The cumulative effect of 1,630 layoffs over 13 years in a city of 250,000 residents suggests that while Charlottesville has not experienced a labor market catastrophe, it has absorbed repeated shocks concentrated in specific years and sectors. The 2020 pandemic displacement of roughly 400-500 workers in a single year created temporary but acute dislocation that strained local social services, unemployment insurance systems, and community support networks.

Regional Context: Charlottesville and the Broader Virginia Economy

Virginia's current labor market conditions provide context for interpreting Charlottesville's displacement patterns. As of April 2026, Virginia's insured unemployment rate stands at 0.52% with initial jobless claims at 3,774 per week. However, the four-week trend shows concerning acceleration: claims have surged 66% in recent weeks and are up 45.7% year-over-year, signaling emerging labor market softness despite the headline unemployment rate of 3.7% in January 2026.

This deteriorating trend in Virginia aligns with the two WARN notices filed in 2025, suggesting that Charlottesville and the broader state are entering a period of renewed workforce reduction after three years of relative stability. The national labor market shows similar warning signs: initial jobless claims at 214,357 weekly and a 4.3% unemployment rate in March 2026, both indicating softening demand and potential recession-adjacent conditions.
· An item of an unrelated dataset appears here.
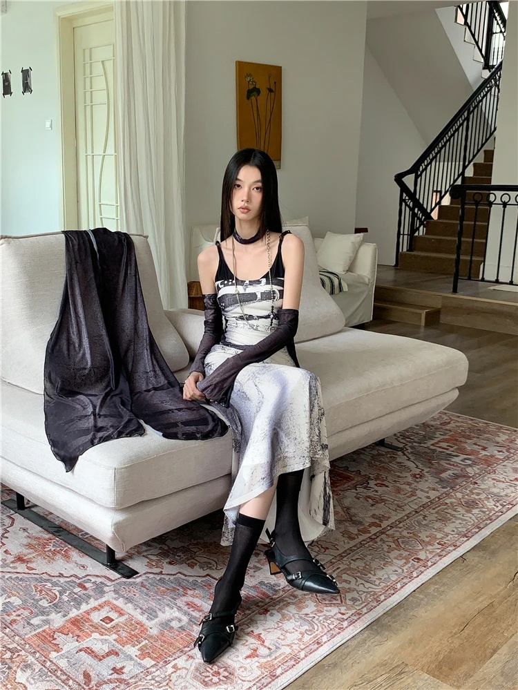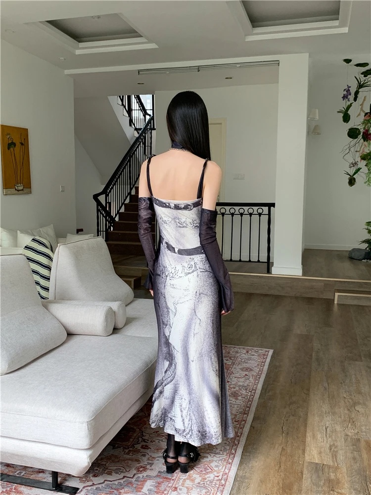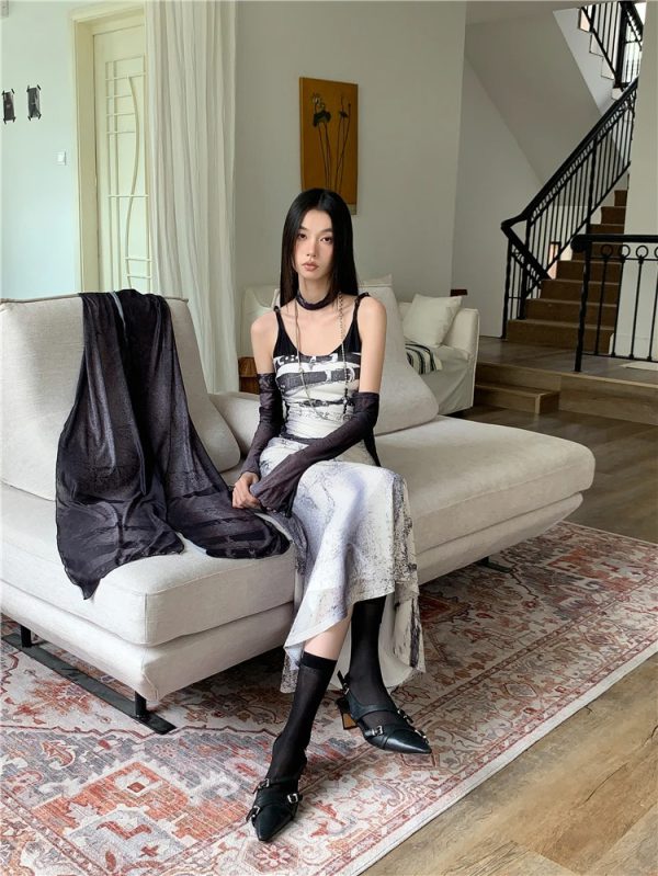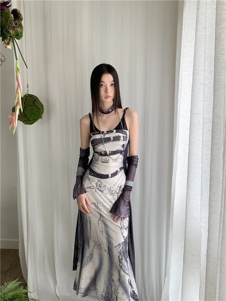 Be the first to review “Elegant A Line Patchwork Mesh Long Slip Dress”

Charlottesville's economy, being smaller and more concentrated in vulnerable sectors than Virginia's overall economy, may be more exposed to the state's emerging labor market deterioration. The city lacks the large technology, financial services, and federal contracting ecosystems that dominate Northern Virginia and provide employment stability. By contrast, Charlottesville's dependence on tourism, hospitality, and traditional retail makes it cyclically vulnerable to consumer spending contractions.

H-1B Immigration and Domestic Workforce Dynamics

Virginia's H-1B petition data illuminates a paradox relevant to understanding Charlottesville's layoff experience. The state has received 107,508 certified H-1B petitions from 12,287 unique employers, with average salaries of $105,221 across occupations heavily concentrated in software development, computer systems analysis, and IT infrastructure roles. The top employers filing H-1B petitions—Capital One, Hexaware Technologies, Deloitte, Ernst & Young, and Infosys—are primarily based in Northern Virginia and focus on high-skill occupations commanding six-figure average salaries.
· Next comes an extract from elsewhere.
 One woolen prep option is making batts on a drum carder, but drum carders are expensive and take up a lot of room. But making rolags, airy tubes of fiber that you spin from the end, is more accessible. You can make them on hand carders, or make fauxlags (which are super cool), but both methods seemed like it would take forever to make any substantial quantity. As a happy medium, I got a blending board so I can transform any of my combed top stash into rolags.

The occupational mismatch between where Virginia's H-1B hiring is concentrated (computer systems analysts, software developers, IT specialists) and where Charlottesville's layoffs are concentrated (accommodation, food services, retail, manufacturing) suggests that H-1B hiring is not directly displacing the workers affected by WARN notices in Charlottesville. The city's job losses reflect structural decline in low-skill, labor-intensive industries, not direct competition from imported foreign workers in those same occupations.

However, the broader pattern of Virginia's economy shifting toward high-skill technology and services occupations while Charlottesville remains dependent on traditional retail, hospitality, and manufacturing reflects a geographic divergence within the state. Northern Virginia benefits from proximity to Washington, D.C., federal contracting, and technology investment, while Charlottesville's economy has not captured similar high-skill, high-wage employment growth. This divergence suggests that Charlottesville's workers displaced from retail and hospitality face limited local pathways to reemployment in the high-wage occupations capturing Virginia's H-1B-sponsored hiring.

The disconnect between Virginia's H-1B hiring (focused on elite computer science and engineering talent) and Charlottesville's labor market dynamics (dominated by service-sector displacement) underscores that the city's economic challenges are rooted in structural sector decline rather than immigration competition for available positions.